I'm having the same issue this week with my anxiety, So please be patient. My head is so full right now, I'm struggling to write. I've got so much on my plate. Hopefully things simmer down. I am only getting ideas for some and not others, so don't be offended.
To all those waiting on replies. My anxiety disorder grabbed me by the balls and pulled me into a deep fuckin hole. So, I may not reply this week. We'll see. We love spontaneous anxiety for no reason.
I am happy to say that I am caught up with all 12 of my threads!!! I figured over half won't reply, since I didn't answer for a while. Others I don't think will ever return, and that's fine. Dealing with wedding planning and my job has me so tired. But, my creativity is back and I am looking for more seke rps. Open to any setting/plot. Please DM me.
My replies will be slow for the next few months. I'm moving my entire life with my fiancé in our new home. Changing names on licenses, applying for different state licenses, etc. Please poke me if you're dying for a reply, because I totally die sometimes too when I have a good muse. Lol.

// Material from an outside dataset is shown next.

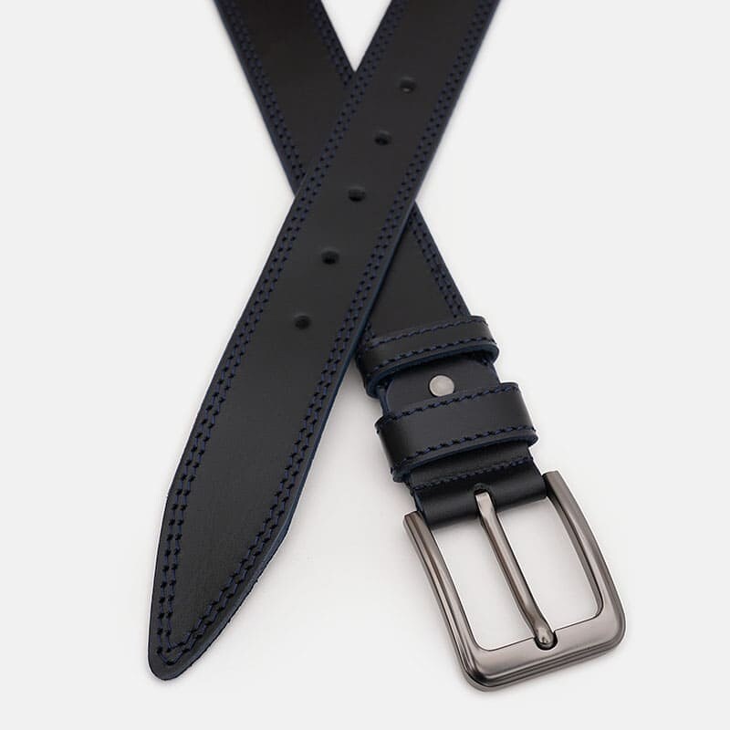 Мужской кожаный ремень. Качественные материалы, стильная пряжка и аккуратный внешний вид. Ремень выполнен из натуральной кожи и металлической фурнитуры. Лицевая сторона ремня защищена от влаги, жира и агрессивных сред. Уход – минимальный (сухая чистка). При необходимости, ремень можно укоротить самостоятельно до нужной вам длины.

Closing on my first house with my fiancé on Monday. So, my muse it literally shit rn. If I'm not answering, it's because my ideas are dryer that the fuckin sahara Desert. Plus work is about to punch me through a wall and run me over with a truck. It's very hard to handle 10 people's emotions at once, especially when they all talk at the same time at you.
I got blood work done the other day. The RN stabbed me once, didn't get the vein. Then proceeded to stab me again while the 1st needle was still in my arm. Very quickly, I realized I was getting cold sweats and I passed out. Super fun time, and totally embarrassing as an RN. It was my fault, I didn't eat enough I guess. But still.. 2 needles?! Then I apologize for passing out. Lol
Went to the doctor. I'm off today and tomorrow as well. Can't keep food down well. So. I'll be finishing up replies today once I get my nap in. Who knows how long I'll nap for though lol.

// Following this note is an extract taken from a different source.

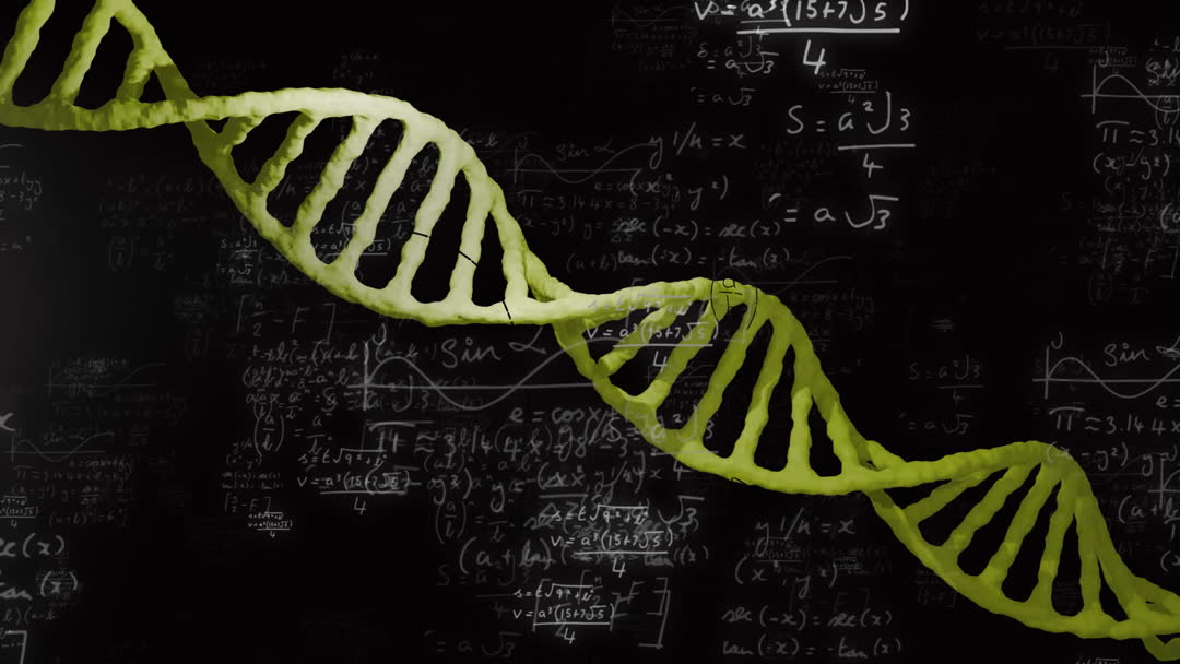 DNA helix intertwines with complex mathematical equations suggesting a blend of genetics and data science. Suitable for educational materials in biology and mathematics. Ideal for illustrating concepts related to bioinformatics, genetic research, and scientific analyses.

When men whine or whimper... GOD DAMN. Holy shit dude. The power that has. Bend over baby, I'll give you something to really Whimper about~♡. Thank you for coming to my ted talk. Lol.
I'm going to shove my foot up COVID's ass so far the damn thing is gonna taste it. This is the third time now. I'm so tired of this shit. Damn. I can't even get out of bed. Fuck. I feel like I aged 50 years.
I fucking Failed my exam Man.. fuuucccckkkk. I was so close too. I'm so disappointed in myself. I hate not being naturally smart. I work so hard to get all my knowledge.. so frustrating dude. I hate it. At least I can retake it.
Ahhhhhh!!!! I have my muse back and I'm ready to write a whole novel and I'm all caught up. Not a bad problem to have, but I've got ideas I need to write down now. Lol.
My company changed their policy for holidays and weekends. We are now required to do 16 hr on call shifts. I'm in tears. I didn't realize I had the same hours as a FUCKIN DOCTOR. PAY ME MORE THEN! the amount of rage I have is unhealthy. . No offense to any business people here, but if you decide Healthcare worker shifts, try it out yourself and then see how much it fucking sucks. the audacity of these hoes.
Lol. Now I'm all caught up and made homemade bagels. So so good. Feeling accomplished, and looking for people to brainstorm with. I really want another helluva boss AU with stolas×Blitz. Or anything really. My muse is back and I'm ready to write a fuckin novel dude.